I "grew up" in an environment where OS schedulers were an unknown you
couldn't trust (or just unknown), so you wrote your own. We would be running
digital filters on 1ms sample intervals, and you would pad any branches with
no-ops to ensure deterministic execution times. If you didn't sample at
exactly 1ms intervals, the variation _could_ trigger frequencies in the
filters that would throw things out wildly <insert old-geezer whistful
eye-glaze>.

(hard) real time is all about deterministic behaviour. It doesn't matter if
it takes 500us to service an interrupt, as long as it _always_ takes 500us
to service the interrupt. You can then take this into account in your
design.

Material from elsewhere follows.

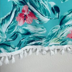 Pappagallo Tropical Floral Tank Top with Tassel Hem
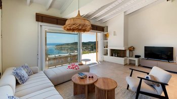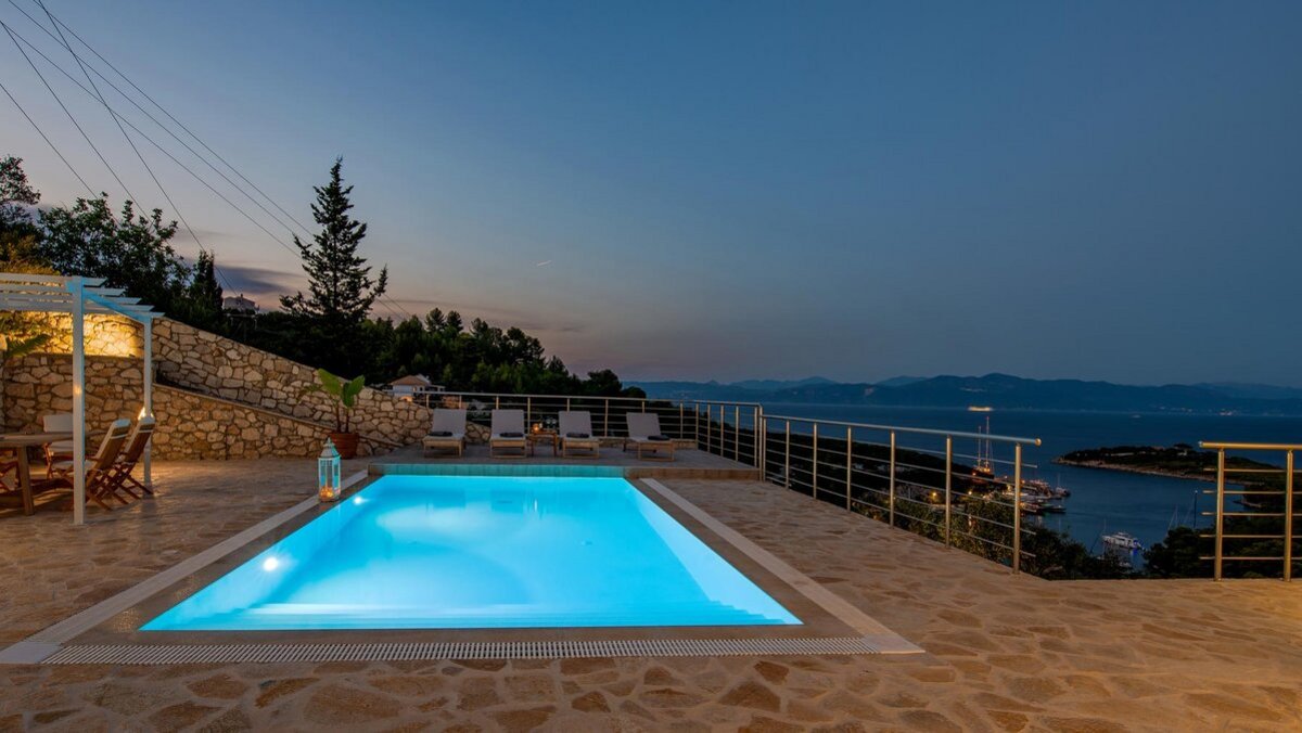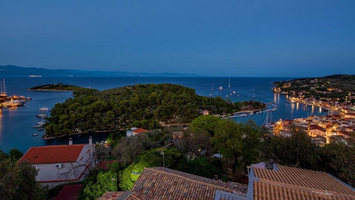 Eine charmante Villa mit zwei Schlafzimmern in Paxos, Griechenland, bietet die Villa Alexa einen weitreichenden Panoramablick von einer einzigartigen Hanglage aus, mit Blick auf die nahe gelegene Hafenstadt Gaios und die Gewässer dahinter.

If you want a task to run every 2ms, you want it to be every 2ms +-
1us, not every 2ms +- 1ms.

With modern RT OS's, the bit about "don't queue, run immediately" is
probably wrong. They would probably still queue, they would just have better
prioritising (and pre-empting of lower priority tasks) so that you can
gaurentee certain responce times to tasks that need it. Even the best RT OS
can be overloaded if you try to run more than it can handle. Ironically, non
RT OS's are often more efficient with the CPU because they prioritise "more
work done" over "work at the right time". 

Thanks for the oppertunity to ramble... sorry I couldn't offer anything useful.